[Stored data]

★ ★ ★

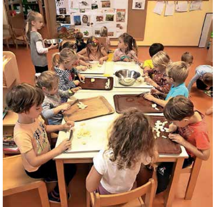
Iz jabolk z vrta v vrtcu pripravljajo različne dobrote.

Nam pa ta kotiček predstavlja vse in še več. Sprostitev, igro ki je otroška prioriteta, in naravo, ki je vedno bila in vedno bo naša največja inspiracija in zatočišče. Skozi celotno vrtčevsko leto sami skrbimo za zelenjavni vrt, kjer pridelujemo raznovrstno zelenjavo, zelišča in dišavnice. Pri tem sodelujejo tudi starši, saj nam doma vzgojene sadike radodarno podarijo. Otroci imajo radi stik z zemljo, radi sadijo, sejejo, opazujejo rast in razvoj rastlin. V vročih dneh te tudi zalivajo in jih z veseljem okušajo. Kar pridelamo sami, je zlata vredno – in tega se ne da meriti v materialnem smislu. To otroci vedno bolj čutijo, na nas odraslih pa sloni odgovornost, da jih popeljemo v svet hvaležnosti, ljubezni do narave, sajenja različnih zelenjavnih in sadnih vrst. Ob pogledu skozi okna naših igralnic takoj opazimo tri velike jabolane. Te rastejo skupaj z nami, saj jih celo leto spremljamo in se z njimi veselimo. Pozimi služijo kot držala za ptičje hišice,
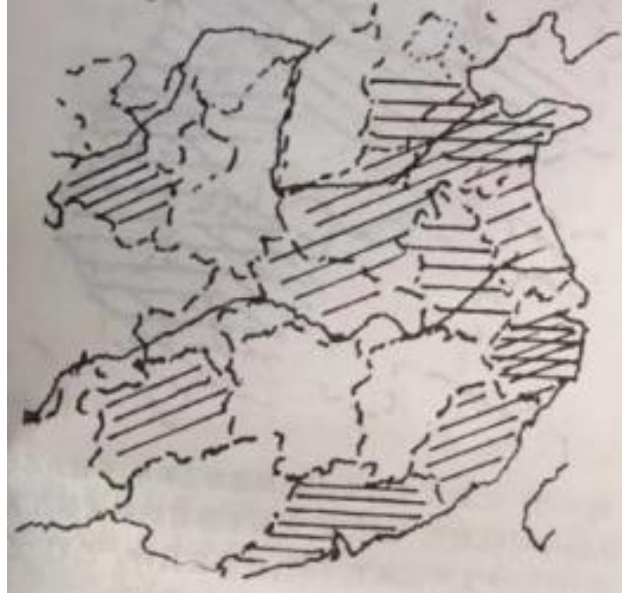
图 1 近 3000 年己巳己亥年疫病爆发地区预测图
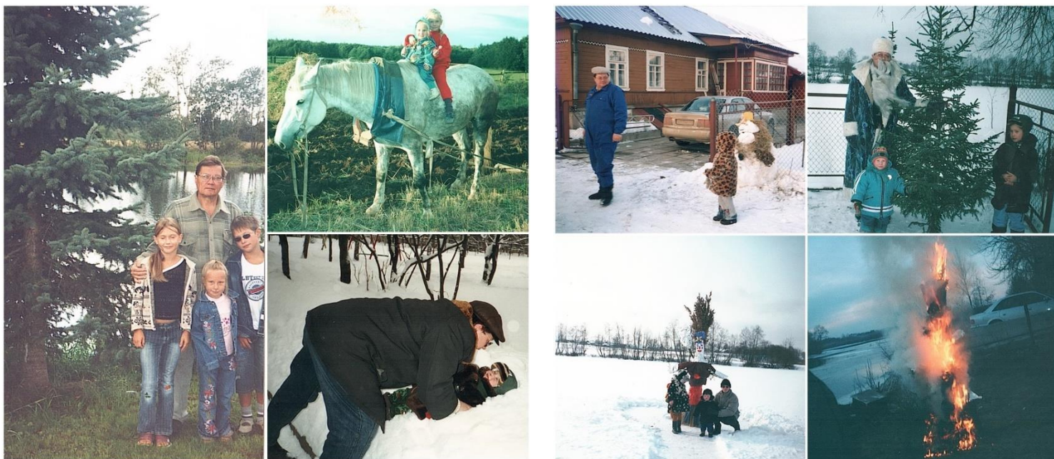
д. Малые Поля. Дедушка и внуки.

Во время дружеских застолий дети никогда не удались от взрослого стола, имея возможность на равных участвовать в любых разговорах и исполнении песен. Нецензурной брани, крика, ругани или скандалов в доме никогда не было.
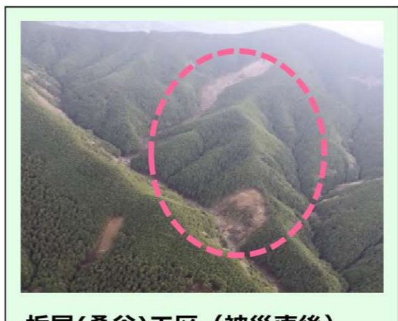
栃尾(桑谷)工区 (被災直後) ・崩壊規模 1.5ha ・対策：谷止工及び山腹工 (令和3年度工事完了)
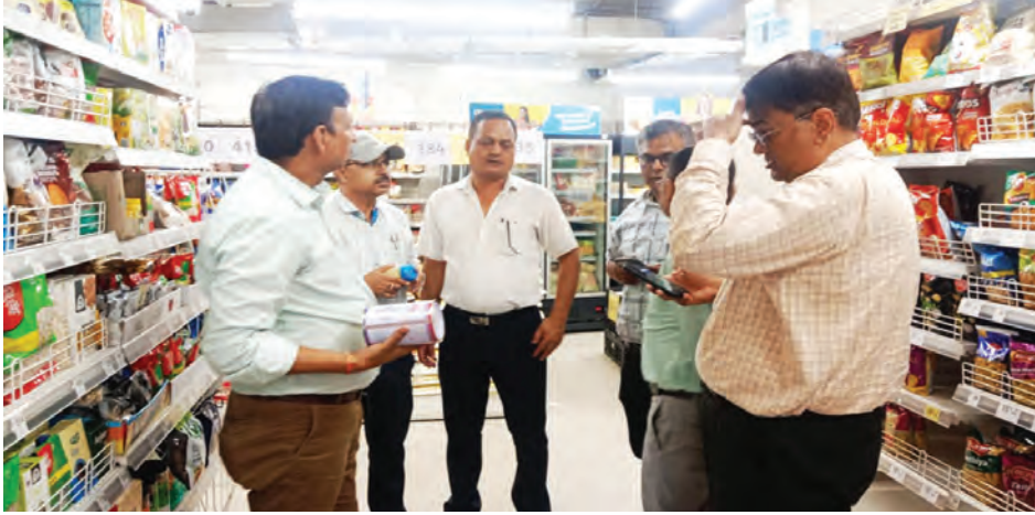
मुख्यमंत्री पुष्कर सिंह धामी ने की घोषणाएं
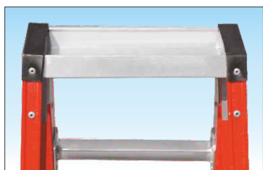
Robusta vaschetta porta-oggetti in alluminio dimensioni cm. 9 x 30 e profonda 4 cm.
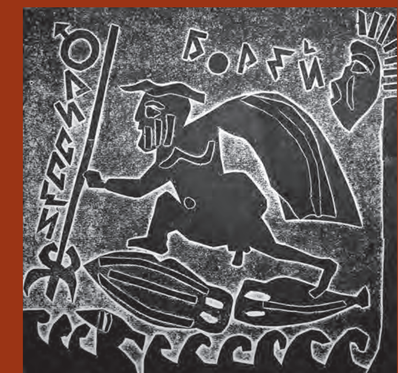
Одиссей и Борея. 1991, матричная гравюра, 35x35
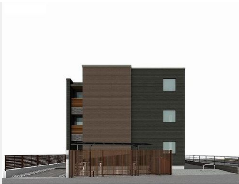
【建物完成予想図】 実際の仕様・外観とは異なる場合があります。 絵図中の駐輪場・ゴミ置き場などはイメージです。
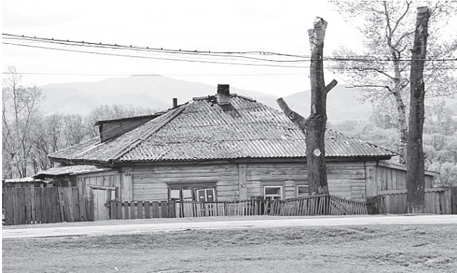
Старое здание сельсовета по улице Советской (сейчас на его месте Набережная)

Исполком Таштыпского сельского Совета крестьянских и красноармейских депутатов образован 1 апреля 1920 года и подчинялся Таштыпскому волисполкому.
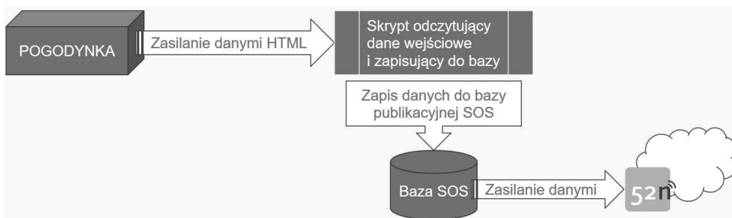
Rysunek 3. Podłączenie danych źródłowych do usługi SOS

Ogólny schemat przepływu danych z serwisu POGODYNKA do usługi SOS pokazano na rysunku 3. Założono, iż dane pochodzące ze strony www od razu będą zapisywane w bazie publikacyjnej (Baza SOS), której schemat został opracowany zgodnie z modelem bazy danych SOS zaproponowanym przez 52°North.

★ ★ ★

**Work required:**
For each line above that includes "usługi", copy the line.

**Output of the exercise:**
Rysunek 3. Podłączenie danych źródłowych do usługi SOS
Ogólny schemat przepływu danych z serwisu POGODYNKA do usługi SOS pokazano na rysunku 3. Założono, iż dane pochodzące ze strony www od razu będą zapisywane w bazie publikacyjnej (Baza SOS), której schemat został opracowany zgodnie z modelem bazy danych SOS zaproponowanym przez 52°North.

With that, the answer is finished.